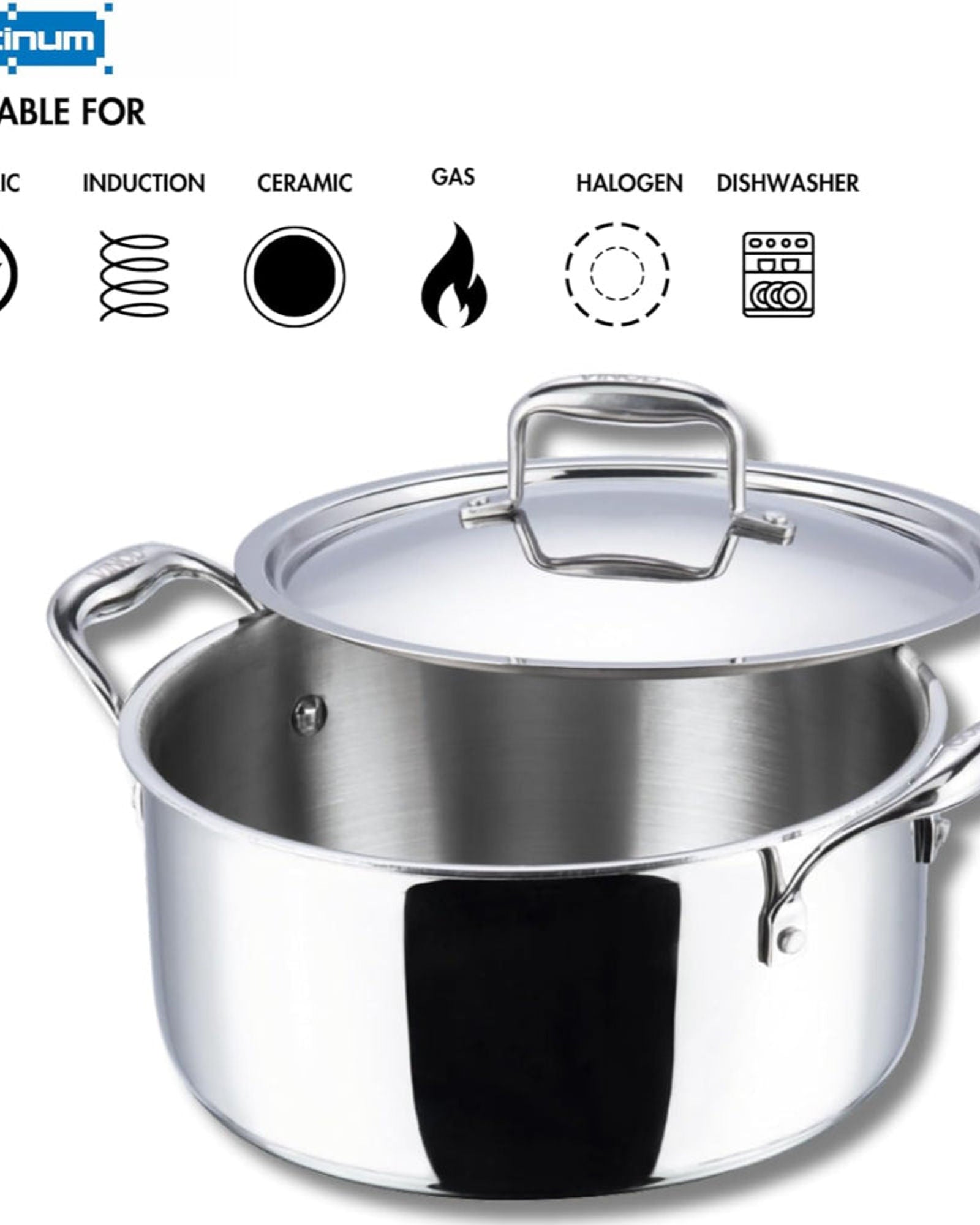 اطبخ بثقة مع قدر صلصة فينود بلاتينيوم تريبلي المصنوع من الفولاذ المقاوم للصدأ، المصمم لأداء ومتانة فائقين. بسعة 6.8 لتر وقطر 26 سم، يُعد هذا القدر عالي الجودة مثاليًا لطهي الحساء واليخنات والكاري والمعكرونة وغيرها الكثير.
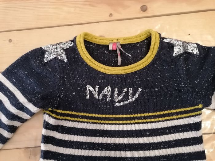 Pull mi saison couleur marine pailleté avec étoiles sur les 2 épaules
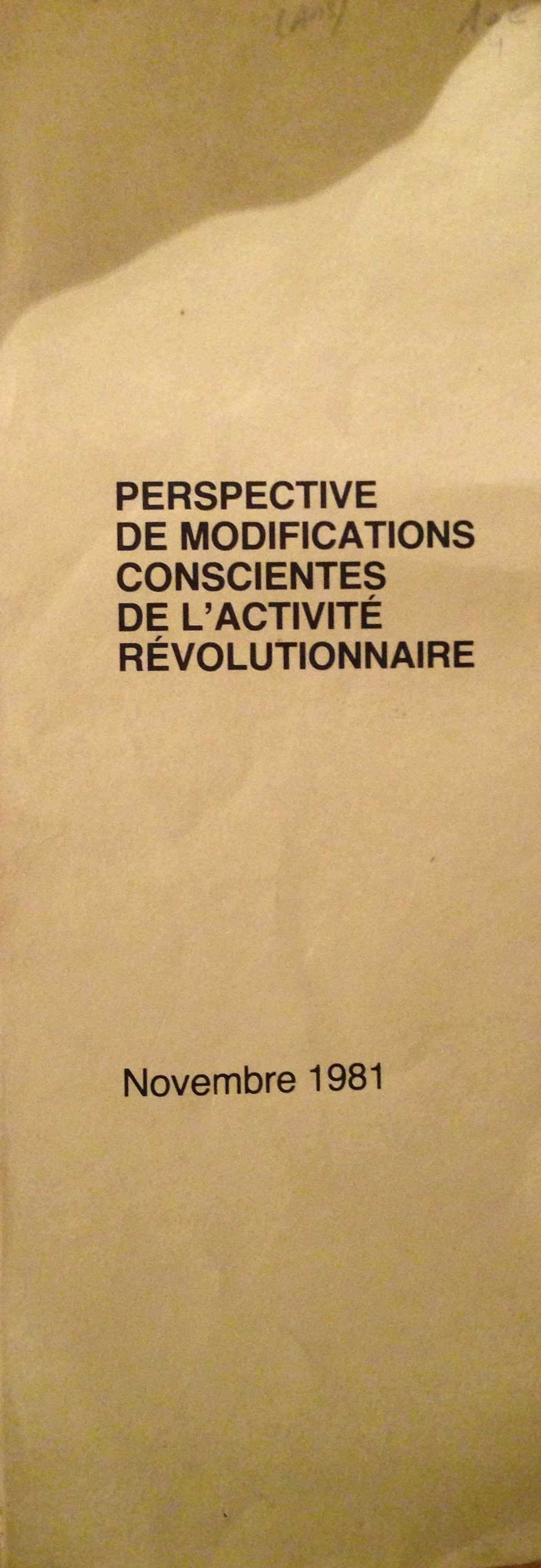 Boulard, Raoul. Perspective de Modifications Conscientes de l’Activite Revolutionnaire. Paris: Le Jargon Libre, November 1981. 1 folded sheet ([6] p.) ; 30 x 66 cm; yellow stock with text in black
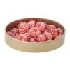 - Карамель леденцовая со вкусом малины: сахар, патока, вода, регуляторы кислотности (лимонная кислота, молочная кислота), ароматизаторы идентичные натуральным, краситель: концентрат сладкого картофеля, редиса и яблока.
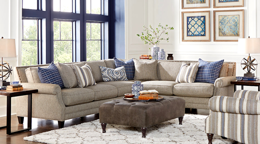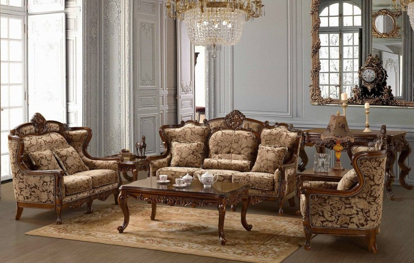 In a classic living room, a luxurious sofa and a coffee table with curved legs will look appropriate
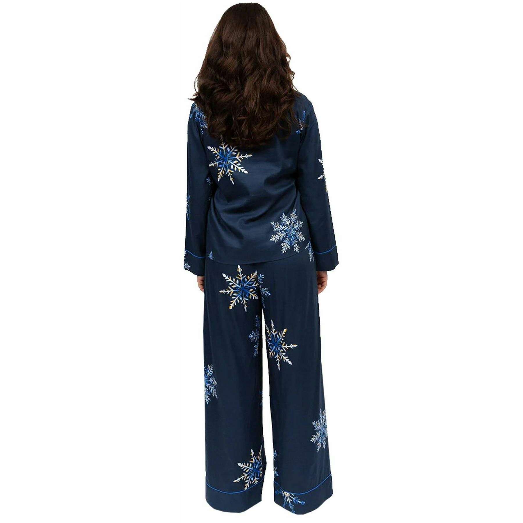 These women's frosty snowflake pyjama set by the brand Cyberjammies are made from 60% cotton and 40% modal and are showcased in navy. Also the navy pyjamas are designed in a unique pattern, It is recommended to machine wash inside out, do not soak, wash with like colours to keep these pyjamas in good condition. All the pyjamas come complete with cyberjammies tags. The Cyberjammies Frosty Snowflake Pyjama Set - Navy is perfect for embracing winter comfort. Made from a soft cotton-modal blend, this set features a delicate snowflake print on a deep navy background for a cosy, seasonal look. The top includes a revere collar, shaped hem, and blue modal-covered buttons, while the wide-leg bottoms offer an elasticated back, flat front, adjustable drawstring, and side pockets for ease. Finished with subtle modal piping, this set is perfect for slow mornings, long nights, and festive lounging.
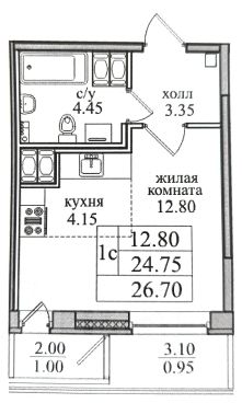 Общая площадь: 24,75 кв.м (комната 16,95 кв.м).
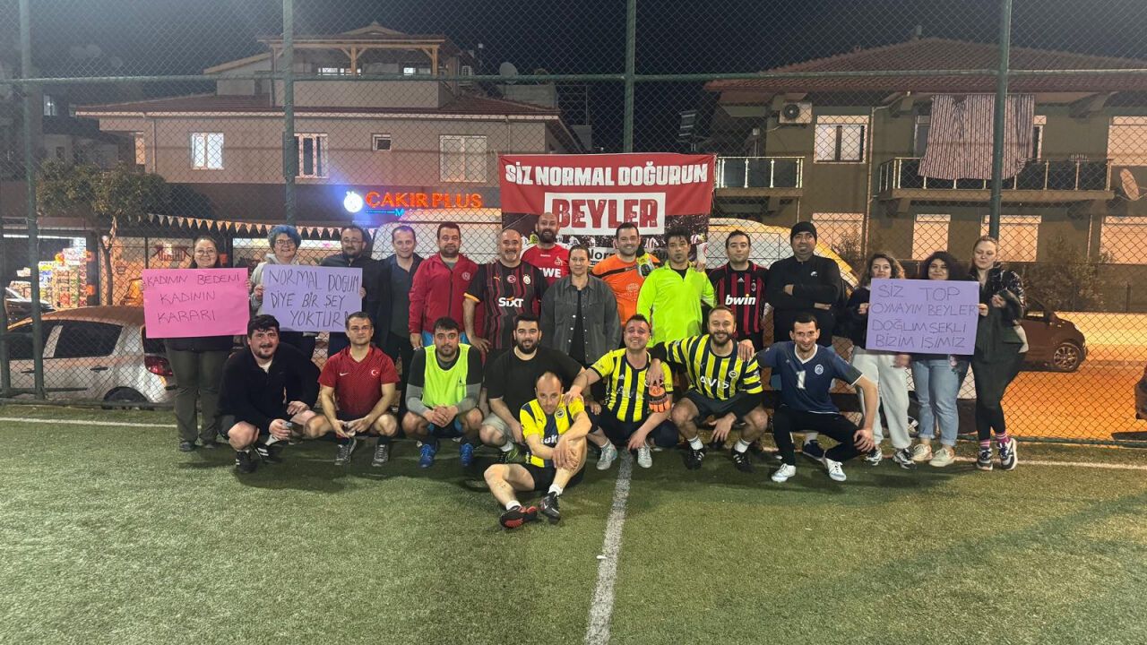 Maçı saha kenarından izleyen izleyiciler de sessiz kalmadı. Ellerindeki “Kadının bedeni, kadının kararı”, “Siz top oynayın beyler, doğum şekli bizim işimiz” ve “Normal doğum diye bir şey yoktur” yazılı dövizlerle maç boyunca takıma destek verdiler.
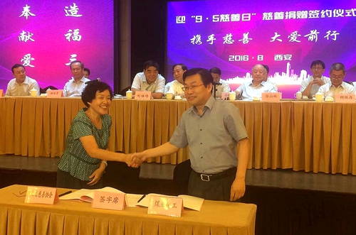 8月26日下午,陜西省慈善協(xié)會舉行迎“中華慈善日”慈善捐贈集中簽約儀式,陜西省副省長姜鋒、省慈善協(xié)會終身名譽(yù)會長徐山林,名譽(yù)會長陸棟,省慈善協(xié)會會長劉維隆、省國資委主任胡保存、省民政廳廳長趙正才、省委宣傳部常務(wù)副部長劉斌,陜煤化集團(tuán)董事長、黨委書記楊照乾,常務(wù)副總經(jīng)理尤西蒂,總經(jīng)理助理、工會會負(fù)責(zé)人李向東,以及其他捐贈單位代表出席會議。
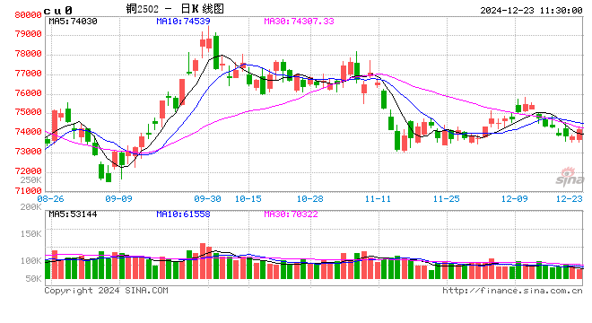 长江铜业网讯:今日沪铜高开,09:01主力月2501合约开盘价报74130元/吨,涨400元。美联储官员鹰调下多头有所顾忌限制铜价涨势;同时,美联储鹰派勾勒出的利率前景预示着明年降息次数的大幅减少,这使得市场对未来降息路径的不确定性持续存在。但国内库存续降给予支撑,目前处于2月以来的最低水平。加之铜精矿加工费依然维持在较低水平,这对2025年中国冶炼厂的盈利能力构成了显著提升的预期,进而稳固了铜金属的供应基本面。此外,随着年末氛围愈发浓厚,市场关注焦点也转向美元的强劲走势。不过,美国最为青睐的通胀数据PCE意外下降,给近期势头强劲的美元泼了一盆冷水,使得市场的避险情绪有所缓解,为铜价的企稳回升创造了有利条件。据此预计,今日现货铜价将呈现上涨态势。
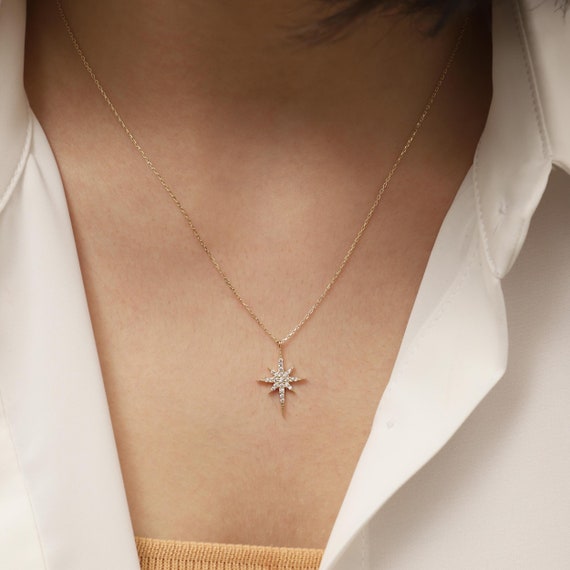 14K Gold North Star Necklace, Gold North Star Necklace, North Star Charm Necklace, Star Necklace, North Star Pendant, Gold Necklace.
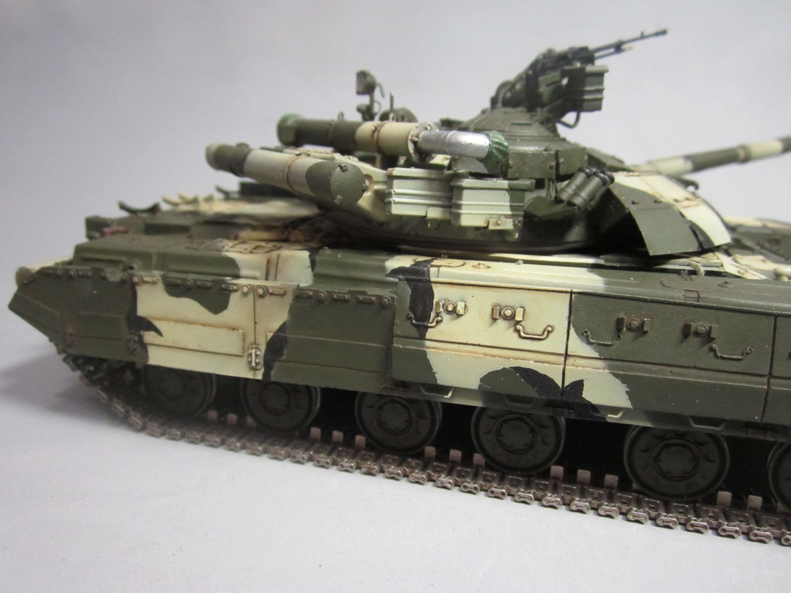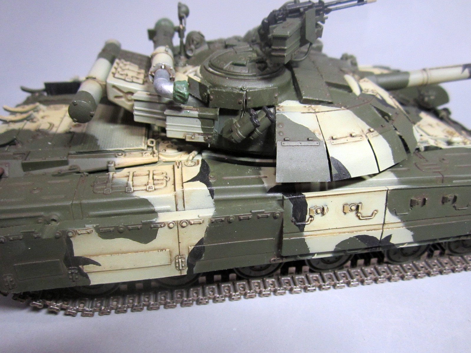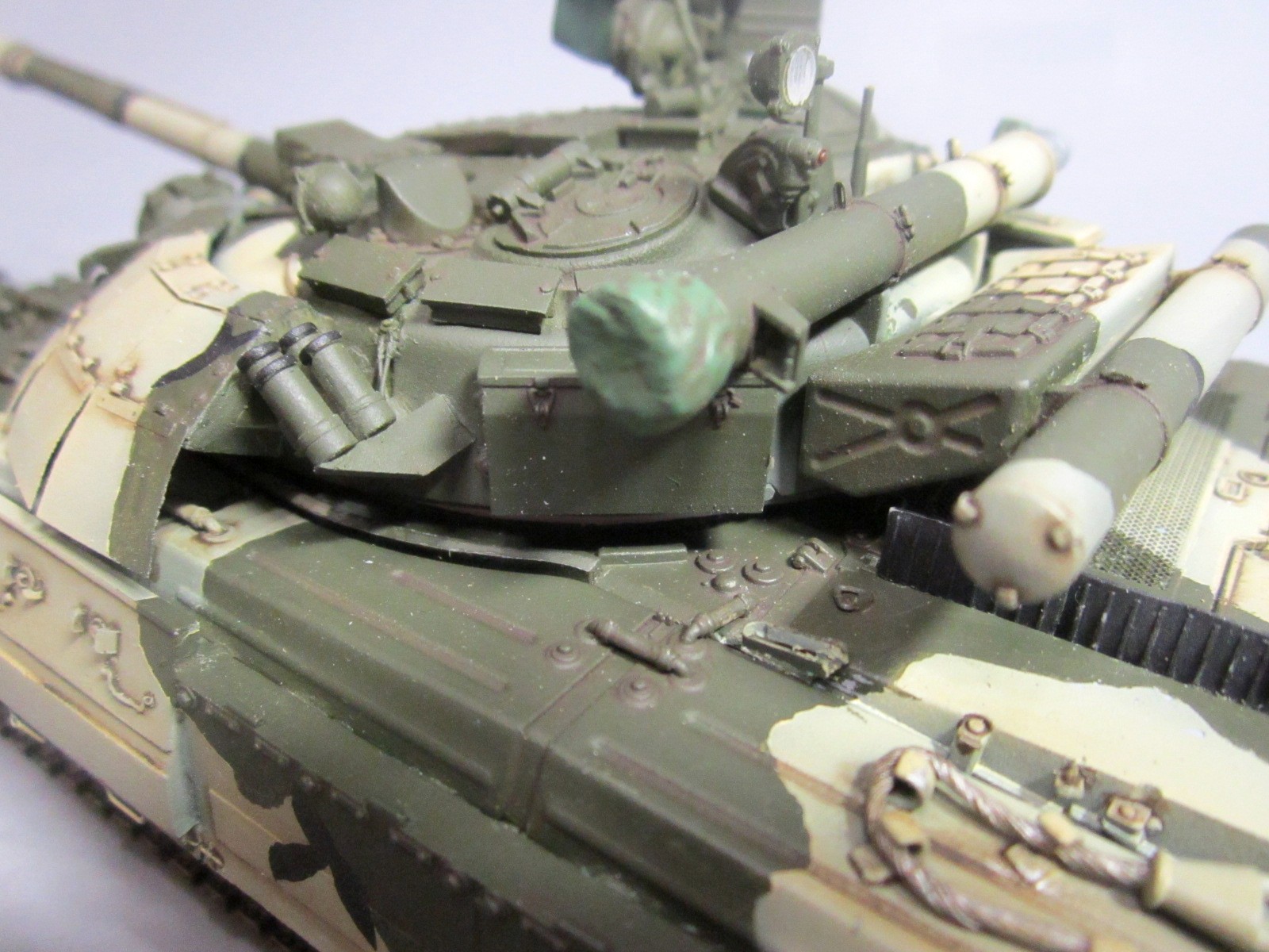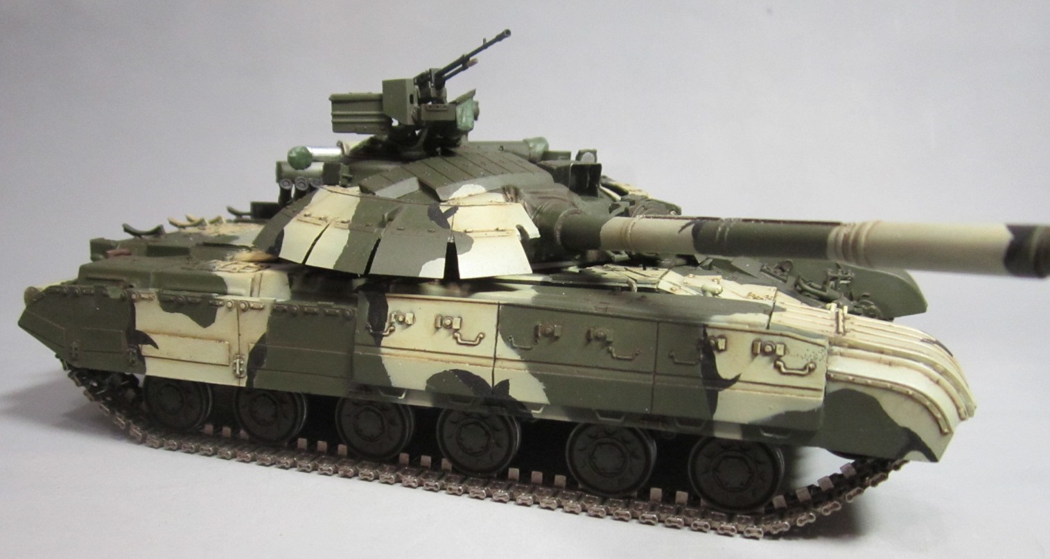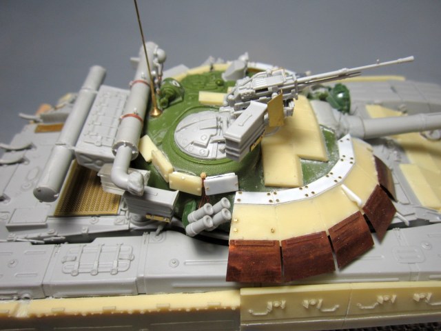Такой вот "франкенштейн": корпус - Т-64Б "Trumpeter", башня и смола - "Скиф", гусеницы - Sector35, всякие остатки из запасов, немного самодела. Башню от "Скифа" использовал по двум причинам: наличие надбоя и она лучше "заточена" под предлагаемый смоляной обвес (блоки ДЗ). Но подгонять "по месту" пришлось все равно. Собрать башню с ДЗ по инструкции - не удастся :-)

TO DO>
For this task, return exactly the stretch of the listing above from the line with "- Карамель леденцовая" through the line with "Общая площадь: 24,75", inclusive and without pictures.

REPLY TO THE TASK>
 - Карамель леденцовая со вкусом малины: сахар, патока, вода, регуляторы кислотности (лимонная кислота, молочная кислота), ароматизаторы идентичные натуральным, краситель: концентрат сладкого картофеля, редиса и яблока.
 In a classic living room, a luxurious sofa and a coffee table with curved legs will look appropriate
 These women's frosty snowflake pyjama set by the brand Cyberjammies are made from 60% cotton and 40% modal and are showcased in navy. Also the navy pyjamas are designed in a unique pattern, It is recommended to machine wash inside out, do not soak, wash with like colours to keep these pyjamas in good condition. All the pyjamas come complete with cyberjammies tags. The Cyberjammies Frosty Snowflake Pyjama Set - Navy is perfect for embracing winter comfort. Made from a soft cotton-modal blend, this set features a delicate snowflake print on a deep navy background for a cosy, seasonal look. The top includes a revere collar, shaped hem, and blue modal-covered buttons, while the wide-leg bottoms offer an elasticated back, flat front, adjustable drawstring, and side pockets for ease. Finished with subtle modal piping, this set is perfect for slow mornings, long nights, and festive lounging.
 Общая площадь: 24,75 кв.м (комната 16,95 кв.м).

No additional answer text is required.